For many, the stumbling block isn’t the information superhighway itself, it’s an issue closer to home.
A survey of C-suite executives by NewVantage Partners found that the main hurdle for nearly two-thirds was their people, with a third blaming ‘process’. Only 7.5 percent mentioned technology.
No wonder that LinkedIn rated AI engineering as the most in-demand skill of 2022, with analytics and data science not far behind.
‘Bigger data’ is now so all-pervasive that there are few jobs where it doesn’t play an increasing role. In every aspect of life, people have to be attuned to both its opportunities and dangers. Hyperscale should be on everyone’s radar.
Particularly if your enabled egg tray is conspiring with the kettle to steal your identity.

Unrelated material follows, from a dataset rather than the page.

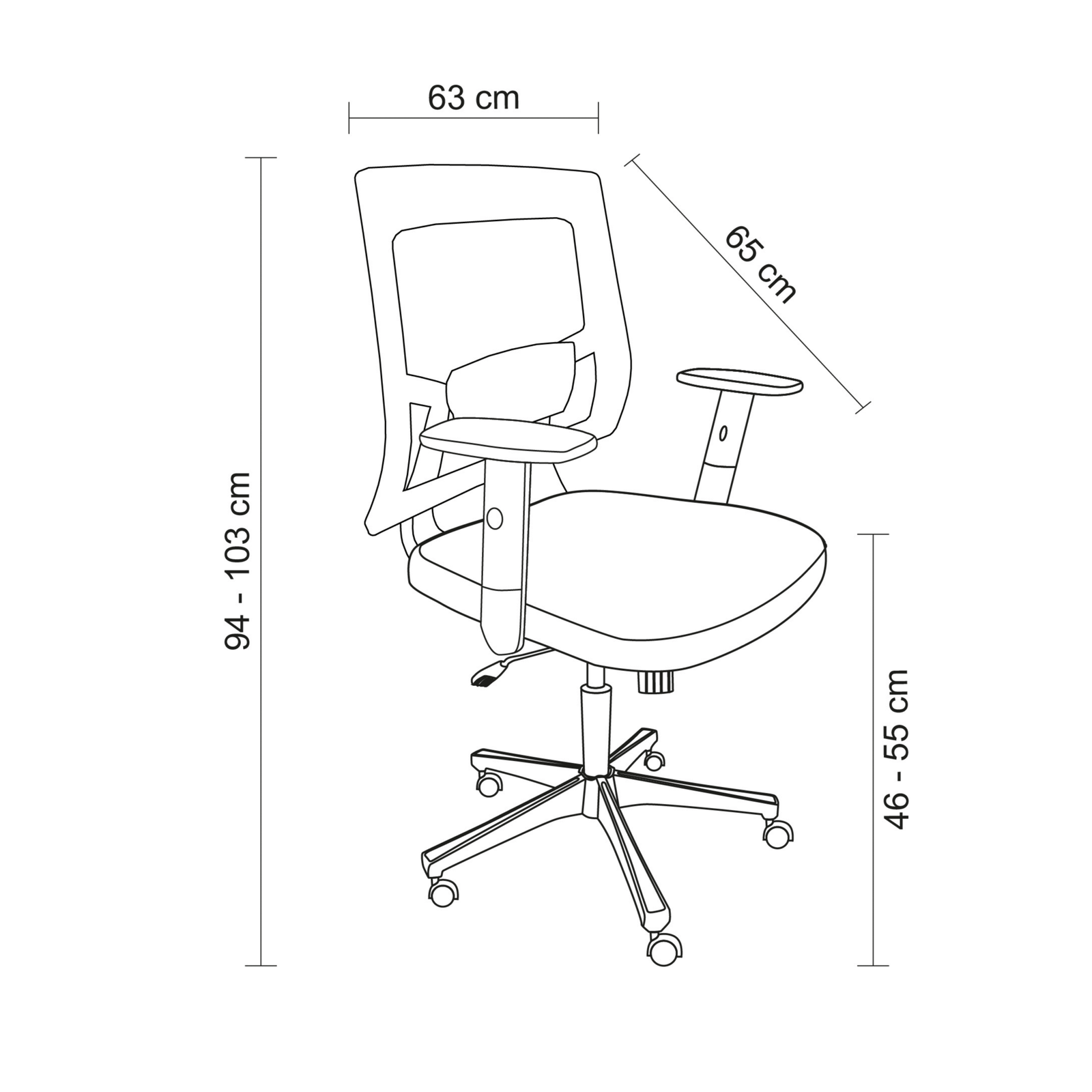 • Encosto em Tela Respirável: Proporciona ventilação contínua e apoio ergonômico para a região das costas.

The war in Ukraine is being fought, at least partly, by rival AI platforms analyzing real-time data to devise drone strike strategy, misinformation campaigns, artillery targeting and intercepting enemy missiles.
Processing enormous amounts of intelligence from thousands of sources is at the heart of every aspect of the conflict, argues the Ukrainian army’s Head of Cyber Security and AI Development Pavlo Kryvenko.
“It now cannot be successfully resolved without the use of the latest weapons, modern intelligence, data transmission and destruction systems [containing] artificial intelligence, at least in part,” he said.
“AI processes huge amounts of data extremely quickly so it takes significantly less time to make decisions before or during operations. It’s also much easier to control troops and weapons.”